Items listed in a dataset
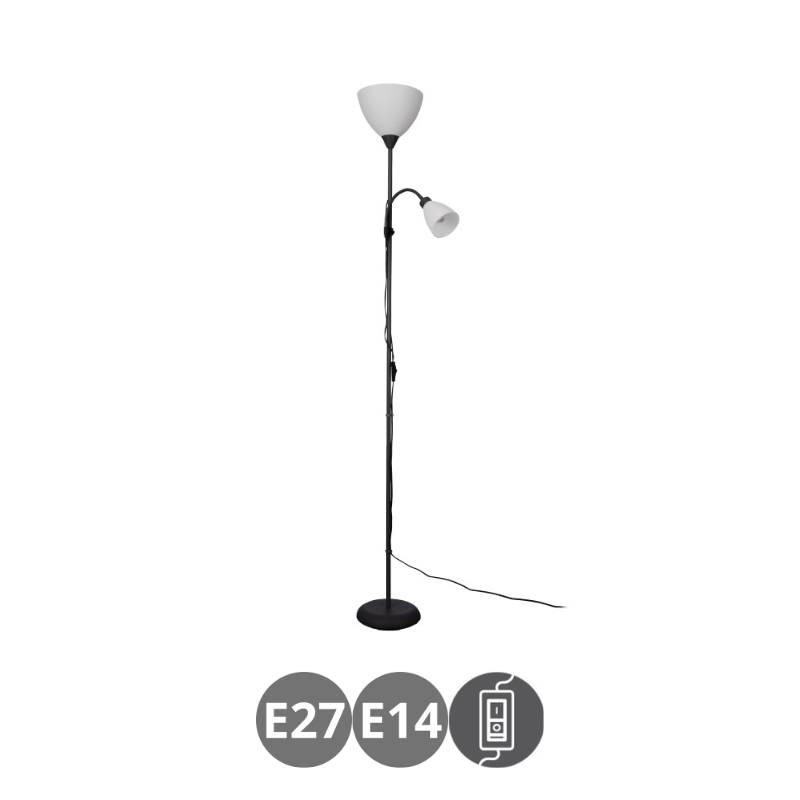 Lámpara de pie MONTANINI para bombilla E27 en la luz principal y bombilla E14 en el lector, fabricado en metal negro y tulipas de plástico blanco. Bombillas no incluidas. Aconsejamos nuestras bombillas led.
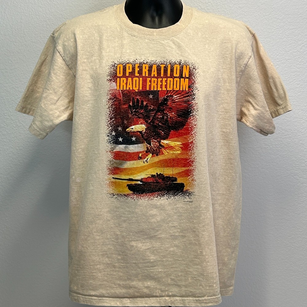 Vintage Operation Iraqi Freedom T Shirt Mens Large Y2Ks 2000s Iraq War Military Patriotic Bald Eagle American USA Flag Tank Saddam Hussein Bleach Spotted Tie Dye Beige Anvil Graphic Tee CONDITION: Has minor image cracking - no other flaws noticed. See photos. SIZE AND MEASUREMENTS: Mens/Unisex Large Width 21.5" - Underarm to underarm Length 28" - Measure from top of shoulder at the edge of collar to the bottom of the shirt
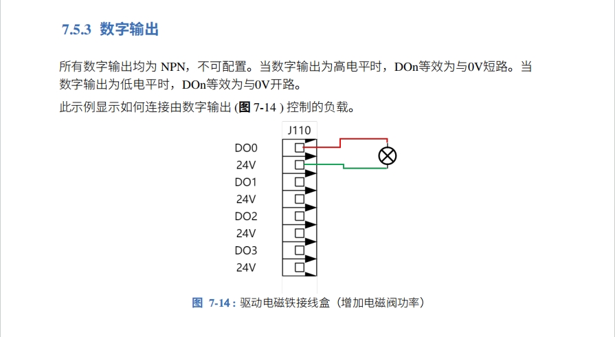 DI口为24V,COM口为0V;所以需要给DI口输入0V,机器人得到信号。简单理解DI口与COM口是一个常开型开关,短接到一起即可得到信号。
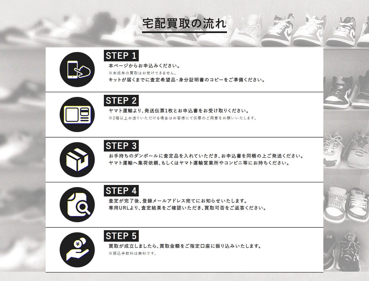 ②スニセカ宅配買取の公式HPから宅配買取を申込む
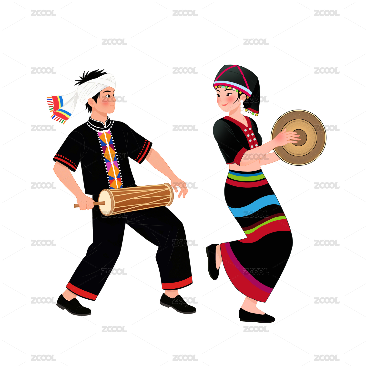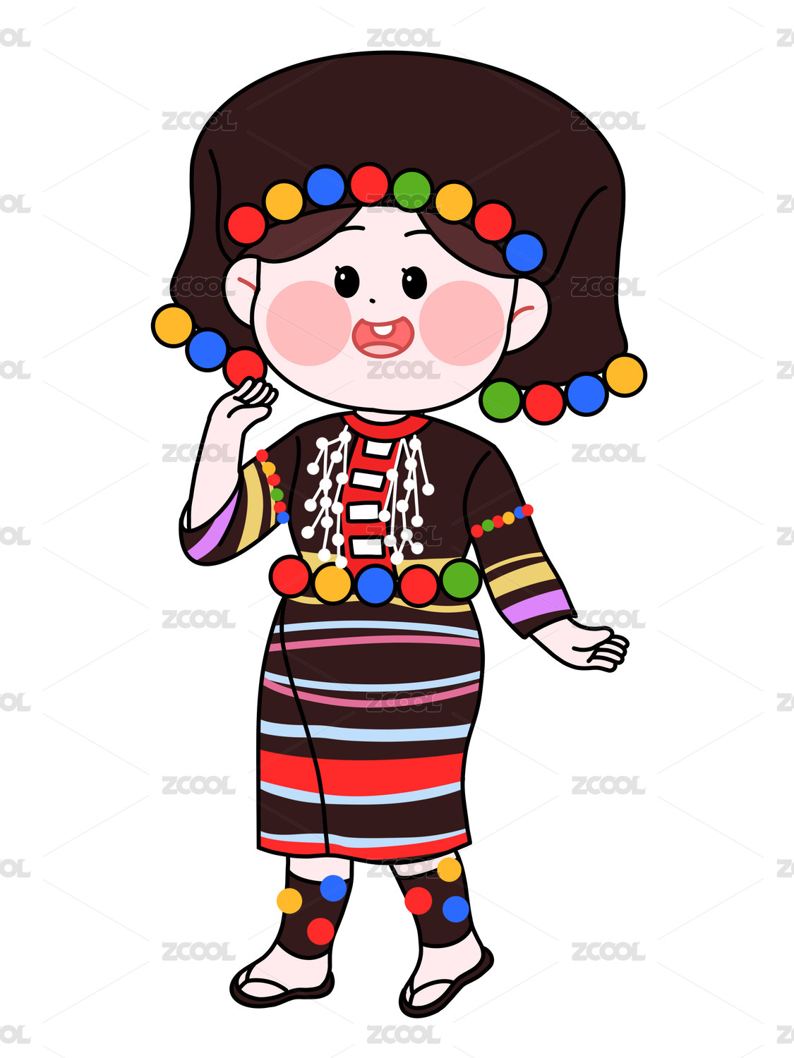 矢量可爱少数民族装扮德昂族达斡尔族傣族
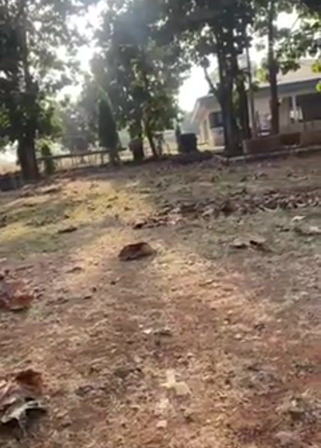 daytime outdoor scene with a dirt ground, scattered leaves, and sparse greenery. Trees surround the area, casting shadows on the ground. In the background, a building is visible with a light-colored exterior and a green roof. The sky is bright, and sunlight filters through the trees. No people or animals are visible. The camera is static, and there is no visible action besides the natural lighting and subtle movements of leaves.
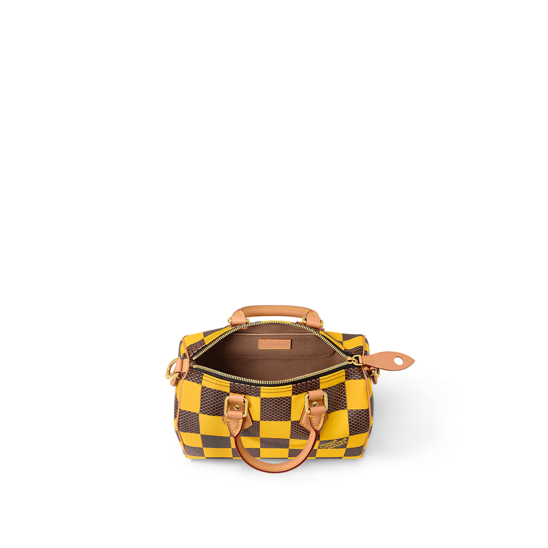 This Speedy 25 Bandoulière Damier Pop displays the same trapezoid lines as the classic Speedy but made from supple Damier Pop coated canvas, the bottom of the bag drapes casually. The new colorway brings a touch of playfulness while the natural cowhide-leather trim and polished gold-color hardware pay homage to the House’s classic bags.
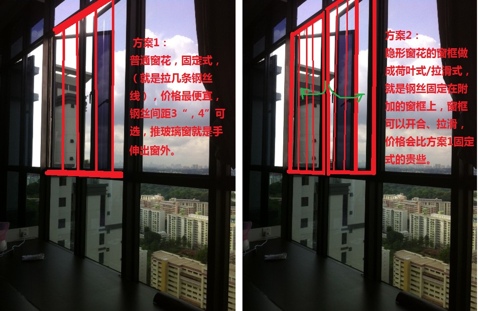 我们夫妻俩是一致不喜欢传统窗花,认为会把组屋直接降格到“ 牢房”。买房5年都没考虑装,实在是老二太调皮,才开始做功课。
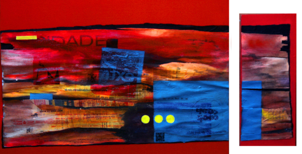 Nestes trabalhos, além das sacolas plásticas, eu utilizei pedaços de caixa de papelão, madeiras, jornais, telas plásticas, embalagens de remédios etc. A maioria sobre Duratex, produto (madeira) utilizado na embalagem de janelas de alumínio, que também é jogado na natureza. Gosto dessas embalagens, pois há algumas informações sobre a utilização do produto e gosto de aproveitar essas letras como parte da obra.
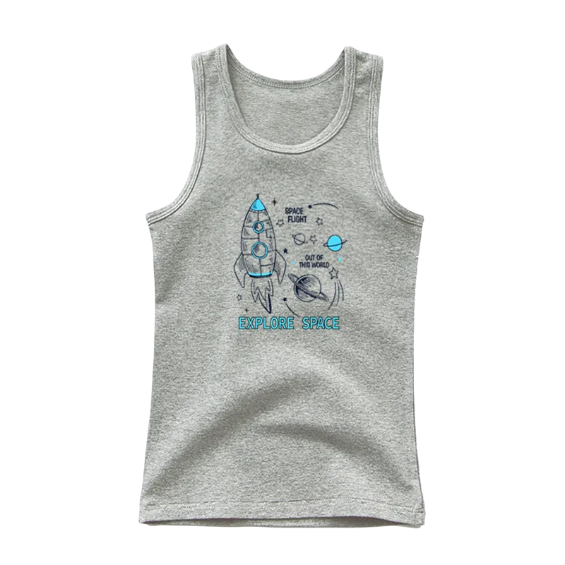 Gyerek pamut trikó űrhajó mintával Egyszínű ujjatlan póló O nyakkivágással Kényelmes nyári felső fiúknak és lányoknak
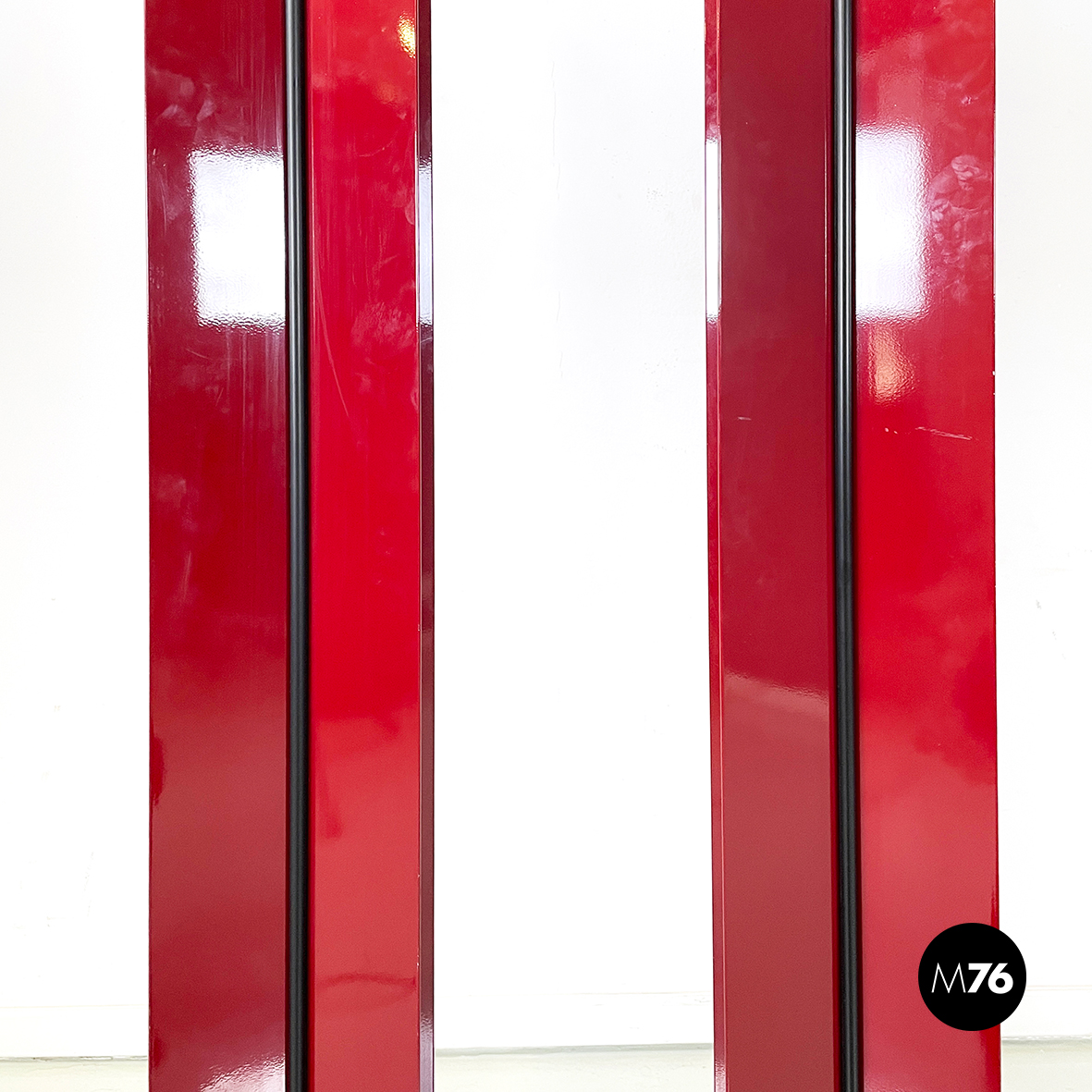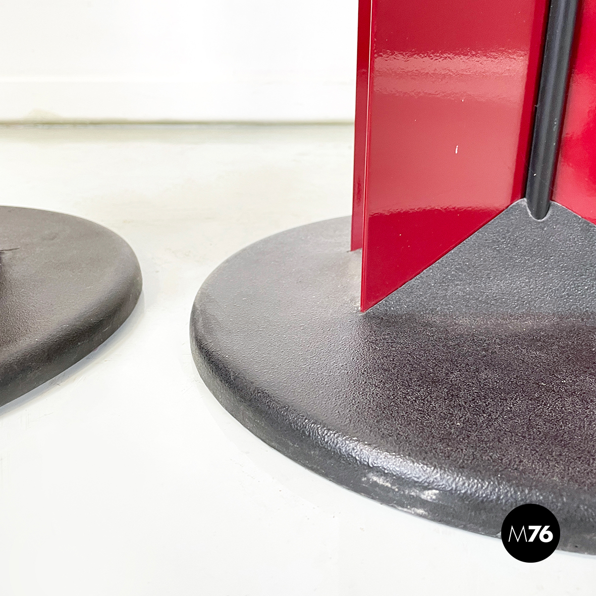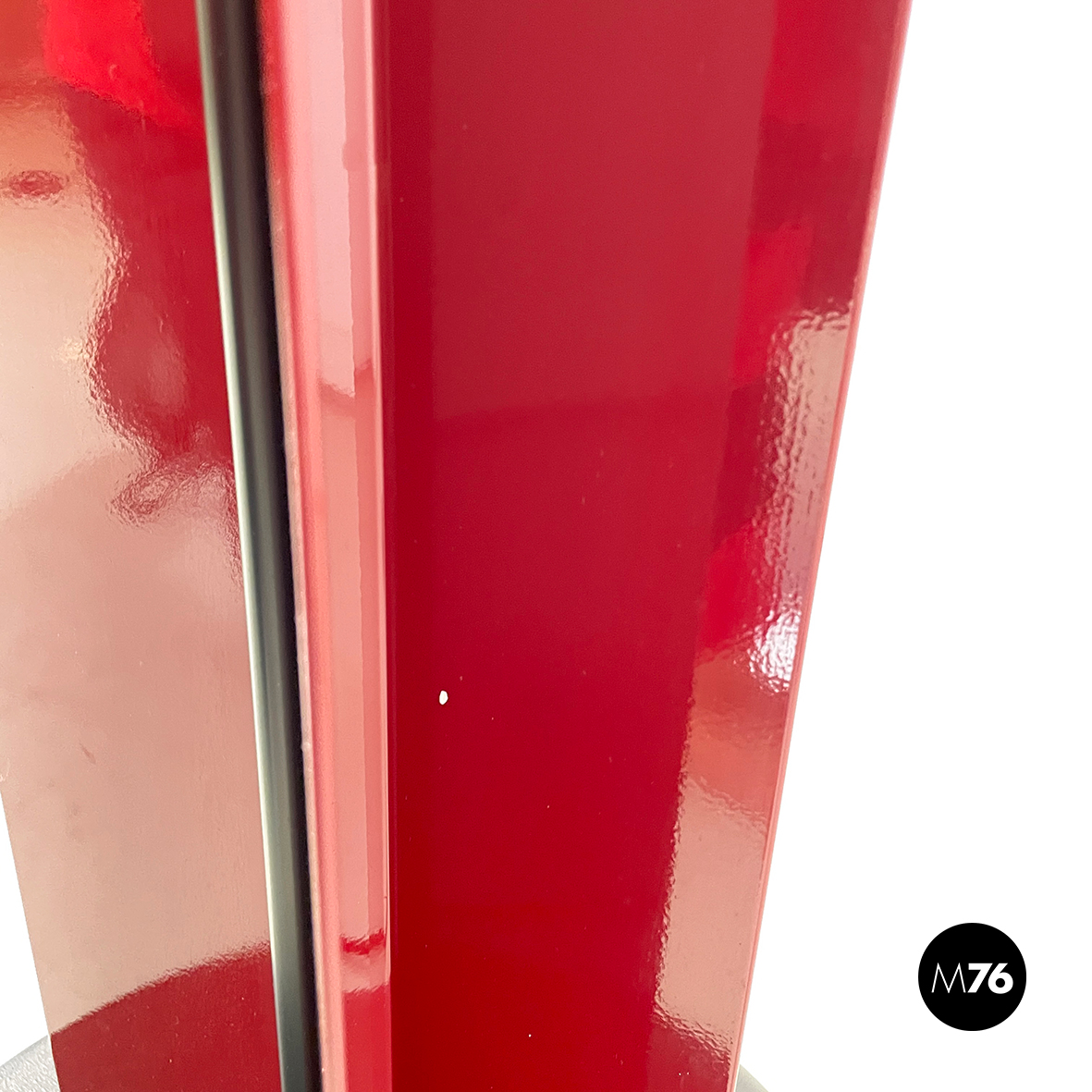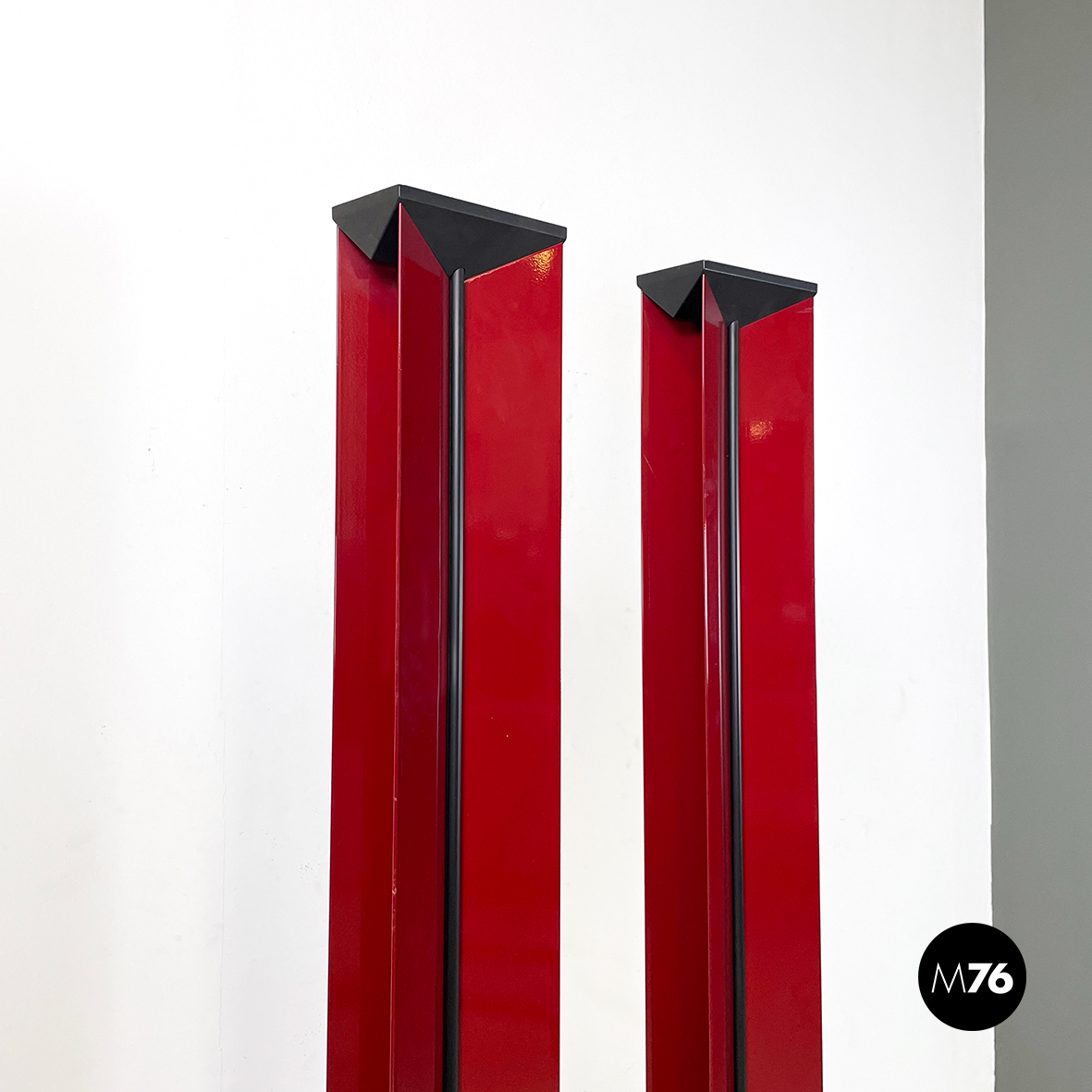 Coppia di lampade da terra con struttura composta da lastre di metallo verniciato rosso lucido, poste a X. Al centro dell struttura è presente una striscia di plastica nero. Nella parte alta è presente il diffusore triangolare. La base tonda con copertura in gomma nera.
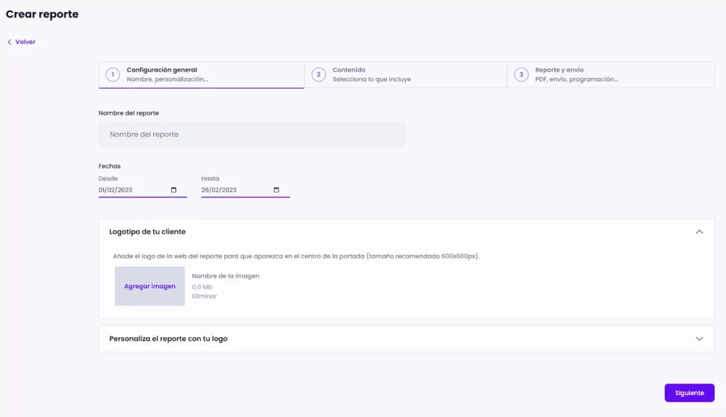 Una vez dentro podrás personalizar las fechas, nombre del reporte y añadir el logo de tu cliente y tu logo para quitar la marca blanca de Modular (si eres PRO).
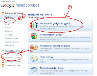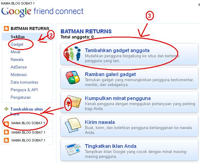 Lalu untuk Kode widget nya anda bisa dapatkan Di Google friend connect.
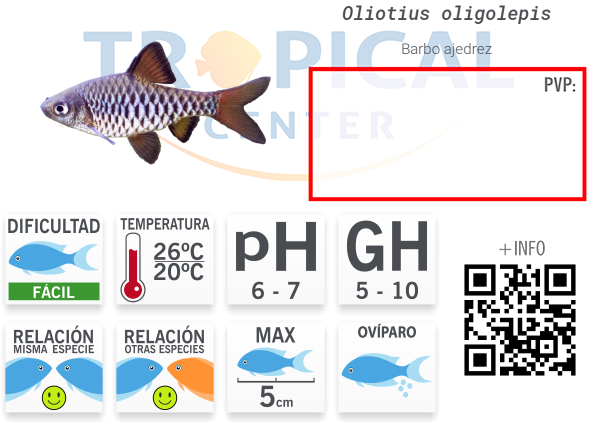 60 litros. Apto para acuarios comunitarios con luz tenue y abundante vegetación.
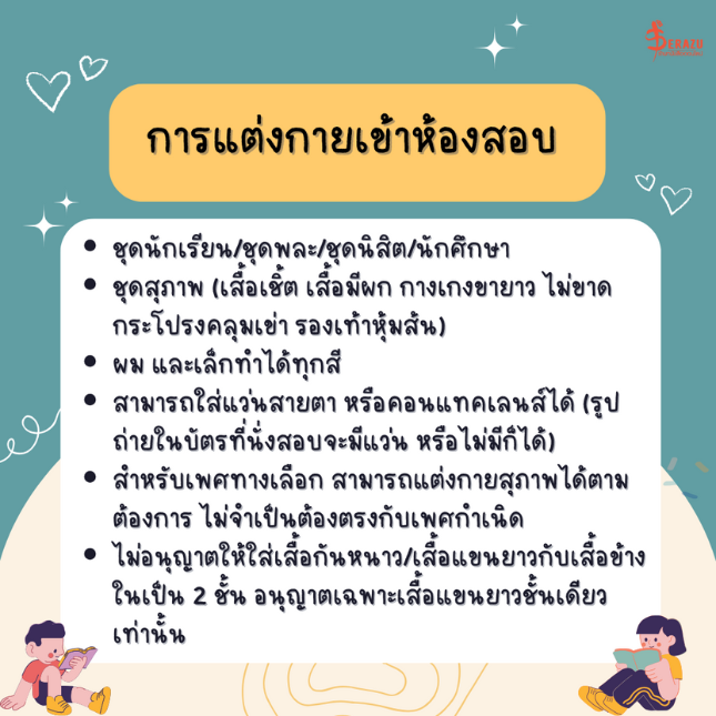 - สามารถใส่แว่นสายตา หรือคอนแทคเลนส์ได้ (รูปถ่ายในบัตรที่นั่งสอบจะมีแว่น หรือไม่มีก็ได้)

EXERCISE: Every record above should come back exactly, but without its pictures.

WRITTEN SOLUTION:
 Lámpara de pie MONTANINI para bombilla E27 en la luz principal y bombilla E14 en el lector, fabricado en metal negro y tulipas de plástico blanco. Bombillas no incluidas. Aconsejamos nuestras bombillas led.
 Vintage Operation Iraqi Freedom T Shirt Mens Large Y2Ks 2000s Iraq War Military Patriotic Bald Eagle American USA Flag Tank Saddam Hussein Bleach Spotted Tie Dye Beige Anvil Graphic Tee CONDITION: Has minor image cracking - no other flaws noticed. See photos. SIZE AND MEASUREMENTS: Mens/Unisex Large Width 21.5" - Underarm to underarm Length 28" - Measure from top of shoulder at the edge of collar to the bottom of the shirt
 DI口为24V,COM口为0V;所以需要给DI口输入0V,机器人得到信号。简单理解DI口与COM口是一个常开型开关,短接到一起即可得到信号。
 ②スニセカ宅配買取の公式HPから宅配買取を申込む
 矢量可爱少数民族装扮德昂族达斡尔族傣族
 daytime outdoor scene with a dirt ground, scattered leaves, and sparse greenery. Trees surround the area, casting shadows on the ground. In the background, a building is visible with a light-colored exterior and a green roof. The sky is bright, and sunlight filters through the trees. No people or animals are visible. The camera is static, and there is no visible action besides the natural lighting and subtle movements of leaves.
 This Speedy 25 Bandoulière Damier Pop displays the same trapezoid lines as the classic Speedy but made from supple Damier Pop coated canvas, the bottom of the bag drapes casually. The new colorway brings a touch of playfulness while the natural cowhide-leather trim and polished gold-color hardware pay homage to the House’s classic bags.
 我们夫妻俩是一致不喜欢传统窗花,认为会把组屋直接降格到“ 牢房”。买房5年都没考虑装,实在是老二太调皮,才开始做功课。
 Nestes trabalhos, além das sacolas plásticas, eu utilizei pedaços de caixa de papelão, madeiras, jornais, telas plásticas, embalagens de remédios etc. A maioria sobre Duratex, produto (madeira) utilizado na embalagem de janelas de alumínio, que também é jogado na natureza. Gosto dessas embalagens, pois há algumas informações sobre a utilização do produto e gosto de aproveitar essas letras como parte da obra.
 Gyerek pamut trikó űrhajó mintával Egyszínű ujjatlan póló O nyakkivágással Kényelmes nyári felső fiúknak és lányoknak
 Coppia di lampade da terra con struttura composta da lastre di metallo verniciato rosso lucido, poste a X. Al centro dell struttura è presente una striscia di plastica nero. Nella parte alta è presente il diffusore triangolare. La base tonda con copertura in gomma nera.
 Una vez dentro podrás personalizar las fechas, nombre del reporte y añadir el logo de tu cliente y tu logo para quitar la marca blanca de Modular (si eres PRO).
 Lalu untuk Kode widget nya anda bisa dapatkan Di Google friend connect.
 60 litros. Apto para acuarios comunitarios con luz tenue y abundante vegetación.
 - สามารถใส่แว่นสายตา หรือคอนแทคเลนส์ได้ (รูปถ่ายในบัตรที่นั่งสอบจะมีแว่น หรือไม่มีก็ได้)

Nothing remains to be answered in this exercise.